Here we display the confidence plot for a particular model parameter after finding the best-fit of the model to a 1D PHA source data set. The minimum of the parabola corresponds to the best-fit value for this particular model parameter (lowest chi-square fit statistic), while the arms of the parabola demonstrate how the chi-square fit statistic varies within the 90% (1.6 sigma) confidence bounds of the parameter value.

[]

Sherpa 4.13 (Python)
load_data("source_grouped_pi.fits")

notice(0.5,8.0)

set_source(xswabs.abs1*powlaw1d.p1)

fit()

set_proj_opt("sigma",1.6)

int_proj(p1.gamma,min=1,max=2)





Sherpa 3.4
data source_grouped_pi.fits

ignore energy :0.5,8:

source = xswabs[abs1] * powlaw1d[p1]

fit

restore_intproj

sherpa.intproj.sigma = [1,1.6]
sherpa.intproj.arange = 0
sherpa.intproj.min = 1
sherpa.intproj.max = 2

intproj p1.gamma

For detailed information about the steps in the script, see the Sherpa thread "Step-by-Step Guide to Estimating Errors and Confidence Levels."

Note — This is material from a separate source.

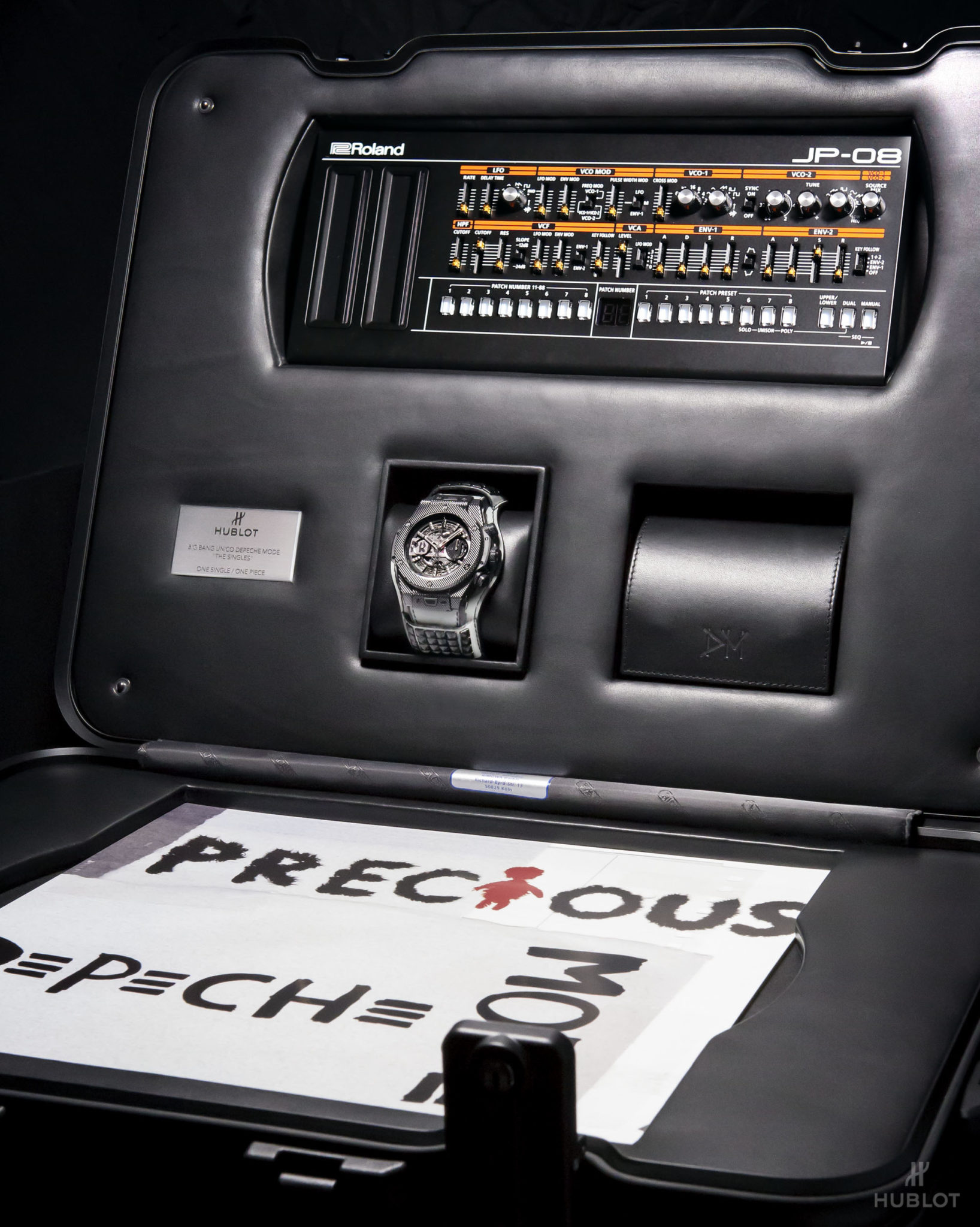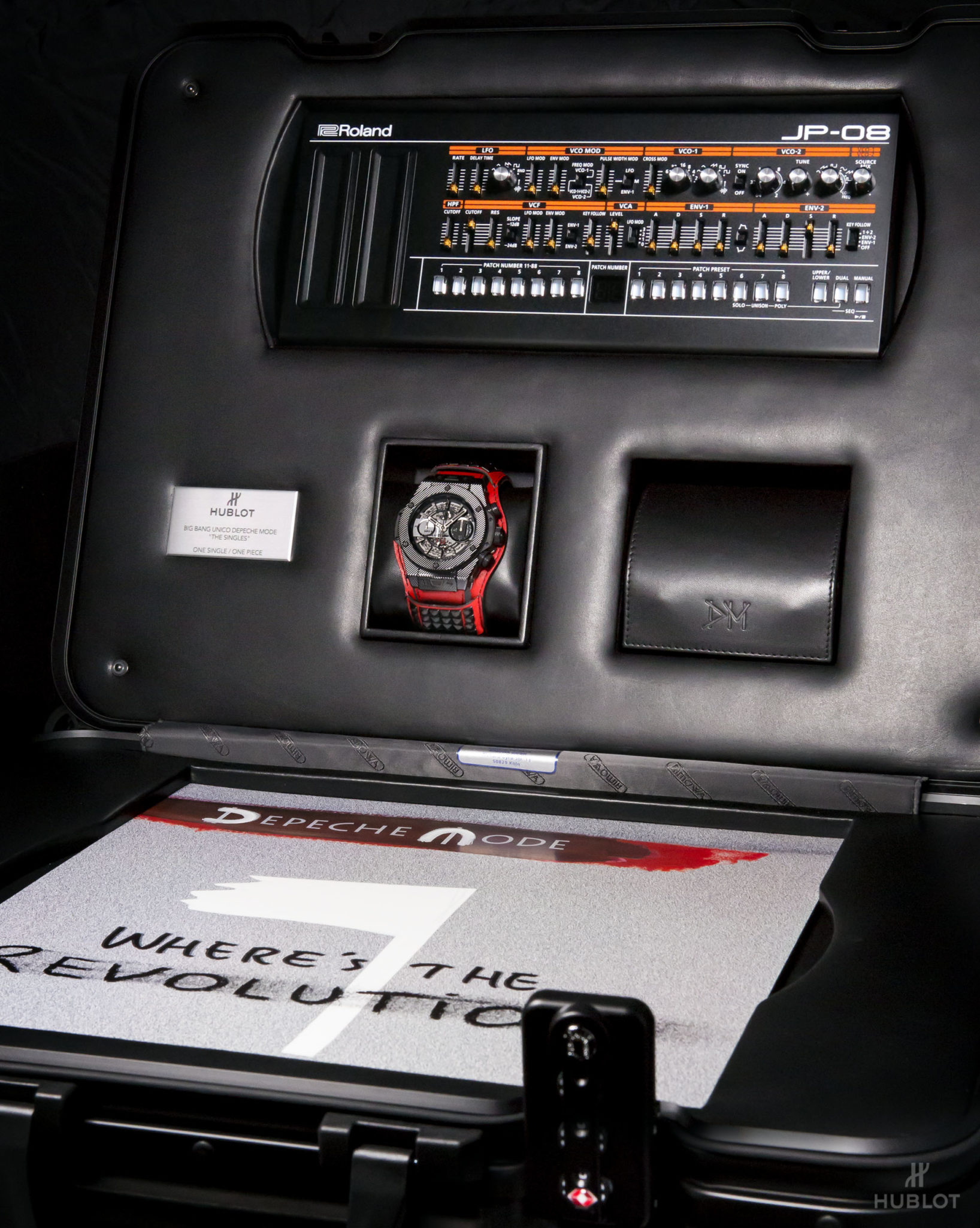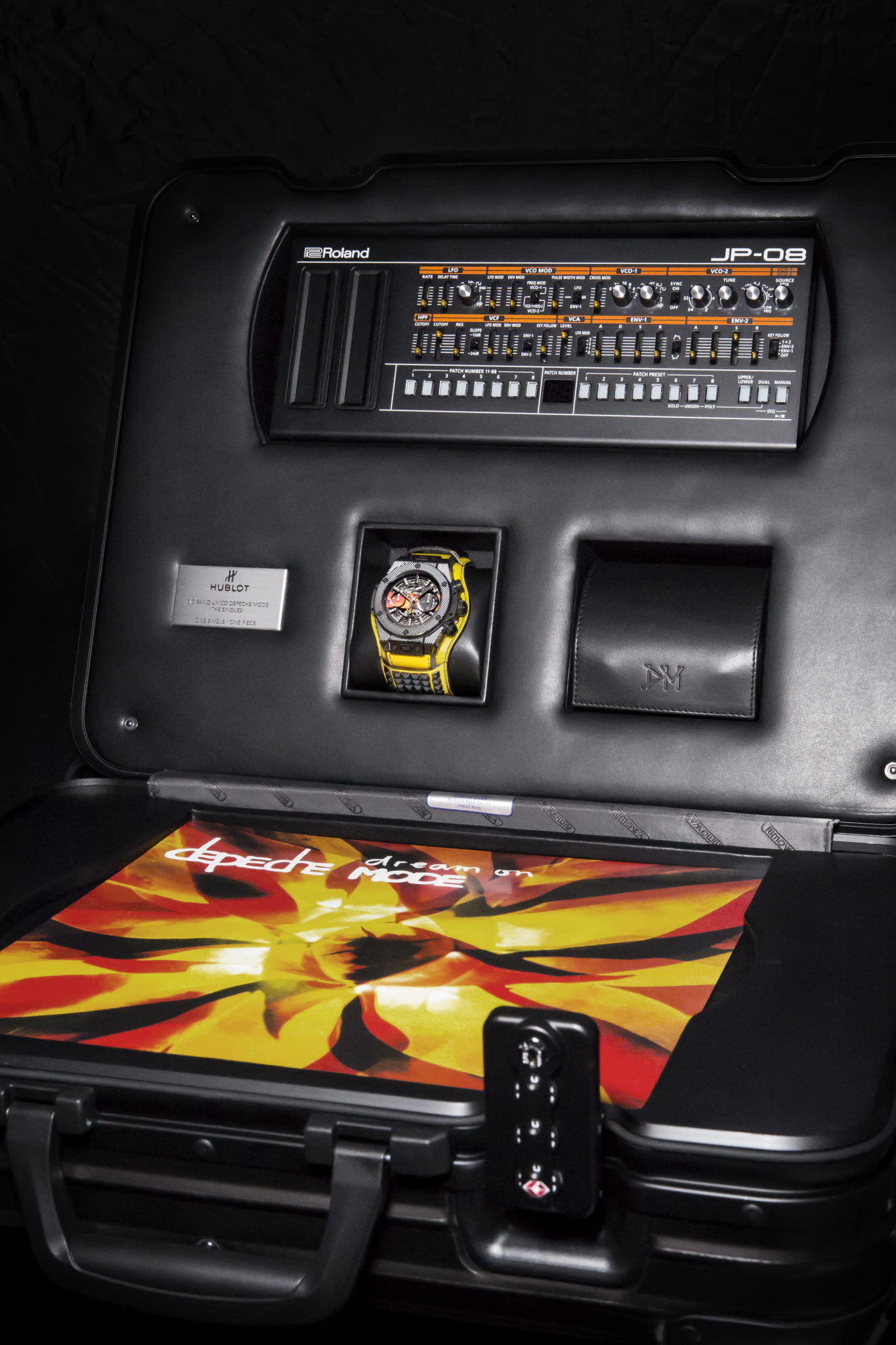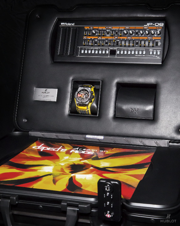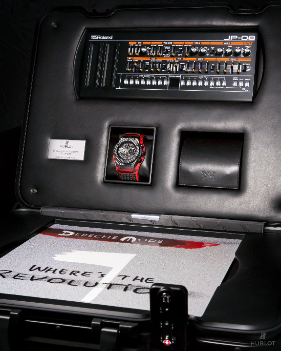 Dernier détail rendant la collection Big Bang Depeche Mode « The Singles » Limited Edition encore plus exclusive : chaque pièce unique sera accompagnée d’un synthétiseur Roland JP- 08, une édition limitée rendant hommage en recréant les sons du légendaire modèle Jupiter 8 utilisé par Depeche Mode au fil des ans. Le fabricant légendaire de bagages RIMOWA a créé une valise Topas Stealth de taille cabine en aluminium anodisé noir afin de servir d’écrin et transporter chaque montre Hublot Big Bang Depeche Mode « The Singles », avec le synthétiseur Roland JP-08, le disque vinyle correspondant et le certificat d’authenticité signé par le groupe. Le kit rock star est donc complet !

Parameter bounds with region-projection: Confidence contour of fit statistic vs. two parameter values

Here we display the confidence contour plot for two different model parameters after finding the best-fit of the model to a 1D PHA source data set. The center point of the ellipses corresponds to the set of best-fit values for the two model parameters (where the chi square fit statistic is at a minimum), while the inner ellipse represents the 68.3% (1 sigma) confidence bounds on the correlated values, and the outer ellipse the 90% (1.6 sigma) bounds. The chi square fit statistic varies along the axis perpendicular to the plot (i.e. out of the screen).

[]

Sherpa 4.13 (Python)
load_data("source_grouped_pi.fits")

notice(0.5,8.0)

set_source(xswabs.abs1*powlaw1d.p1)

fit()

set_proj_opt("sigma",1.6)

reg_proj(p1.gamma,abs1.nH,min=[1.2,2],max=[1.9,2.8], \ 
nloop=[100,100],sigma=[1,1.6])





Sherpa 3.4
data source_grouped_pi.fits

ignore energy :0.5,8:

source = xswabs[abs1] * powlaw1d[p1]

fit

restore_regproj

sherpa.regproj.sigma = [1,1.6]
sherpa.regproj.arange = 0
sherpa.regproj.min = [1.2,2]
sherpa.regproj.max = [1.9,2.8]
sherpa.regproj.nloop = [100,100]

regproj p1.gamma abs1.nh

For detailed information about the steps in the script, see the Sherpa thread "Step-by-Step Guide to Estimating Errors and Confidence Levels."